The Iran nuclear deal under Rouhani 2.0

An earlier version of the article was published by Aspenia Online.

DR ANISEH BASSIRI TABRIZI

On May 19, about 45 million Iranians participated in the twelfth presidential election, in which incumbent President Hassan Rouhani gained a determined majority of votes. The election was widely perceived as a referendum on the achievements of the Rouhani’s administration, with a particular focus on the nuclear deal, which constituted the centrepiece of his first mandate.

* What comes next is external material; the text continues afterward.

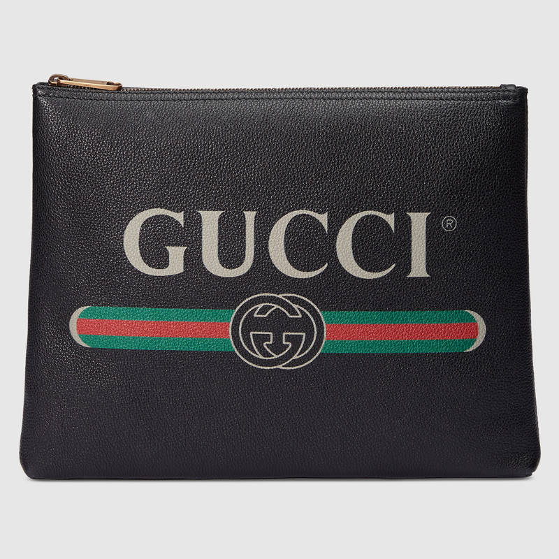 • 500981 Gucci標識 復古印花 軟皮革 中號 手拿包 黑色

His victory indicates that the majority of the Iranian people is in favour of continuity with regard to the stance of the country towards the international community and the commitments to the nuclear deal, but much of Iran’s posture during Rouhani’s second mandate will depend on the US approach towards the country.

Since his election in June 2013, Rouhani made of the resolution of the nuclear impasse his main goal, portraying the lifting of sanctions as crucial for the recovery of the Iranian economy. Once the Joint Comprehensive Plan of Action (known as the JCPOA) was announced in July 2015, his administration thus committed to ensure Iran abided by its end of obligations, whilst also working towards yielding the economic benefits many Iranians anticipated following the lifting of sanctions.

During his first term, some of the economic indicators improved: inflation (reduced from 35% to 9.5%), growth rate (which reached about 6%), oil exports (3 millions barrels per day) and foreign direct investments ($11 billion). Despite that, unemployment is still high and the non-oil-sector growth remains slow. Furthermore, international investments remain low compared to expectations, mainly because of the hesitation of large financial institutions to deal with Iranian entities, despite the sanctions relief.

The nuclear deal and its impact on the Iranian economy has been one of the main topics discussed during the election campaign and a consensus emerged among moderates and conservatives about the need to continue implementing the JCPOA: even the harshest critic and strongest rival of Rouhani, the conservative cleric Ebrahim Raisi, stated that “the nuclear deal, despite its shortcomings, is a national document”. This means that the opposition to the deal, which was advanced by the conservative camp up until late 2015 is largely gone. What remains is the criticism of the indirect implications of the deal.

In March, the Supreme Leader Ayatollah Ali Khamenei criticised the economic policies of Rouhani’s government, saying that they had fallen short and “do not meet people’s expectations and mine”. In April, he called on presidential candidates to be less reliant on Western investments. This inevitably piled pressure on the incumbent before the May elections, given that his policies heavily relied on attracting foreign investment and technology transfer. During the electoral campaign, the criticism towards the administration’s record on the economy front continued, with both Raisi and the mayor of Tehran, Mohammad Baqer Qalibaf, pledging to “cash in the check” of the nuclear deal and improving the living standards for the Iranian people without looking abroad.

The results of the elections demonstrate that the Iranian people still opted for the opening of the Iranian market to foreign investments and gave the government a confidence vote over the nuclear deal and its ability to help improve the country’s economy. Iran is thus unlikely to reverse its commitments to the JCPOA under Rouhani’s second mandate. What the administration will be pressured to do, on the other hand, is to make sure that the Iranian people will feel the economic benefit deriving from the deal.

To do so, it will carry on with the attempts to attract international investments in Iran. The main challenge in this sense will be the continued hesitation of banking institutions to deal with Iranian entities. During his campaign, Rouhani stated he will negotiate the lifting of US non-nuclear sanctions (which are still in place against Iran and are the reasons for financial institutions’s concerns over potential violations and multi-billion dollars fines) with the American counterpart. But because of Trump’s stance towards Iran, that is likely to be a tall order.

Whilst the Trump administration is no longer advancing its line about the need to rip up the nuclear agreement or renegotiate its terms, the US is thus likely to actively discourage global investment in Iran. Since February, the new administration adopted a number of additional non-nuclear related sanctions against Iran to condemn its missile tests and alleged support for the Houthis in Yemen. Whether, despite that, Iran will maintain its commitments to the nuclear deal remains to be seen. What is clear is that, from an Iranian point of view, the future of the nuclear deal mostly depends on what posture the US will adopt towards the JCPOA and, more generally, towards Iran.

Image: Iranian President, Hassan Rouhani holding press conference after his victory at 2017 presidential election, 22 May 2017, via wikimedia.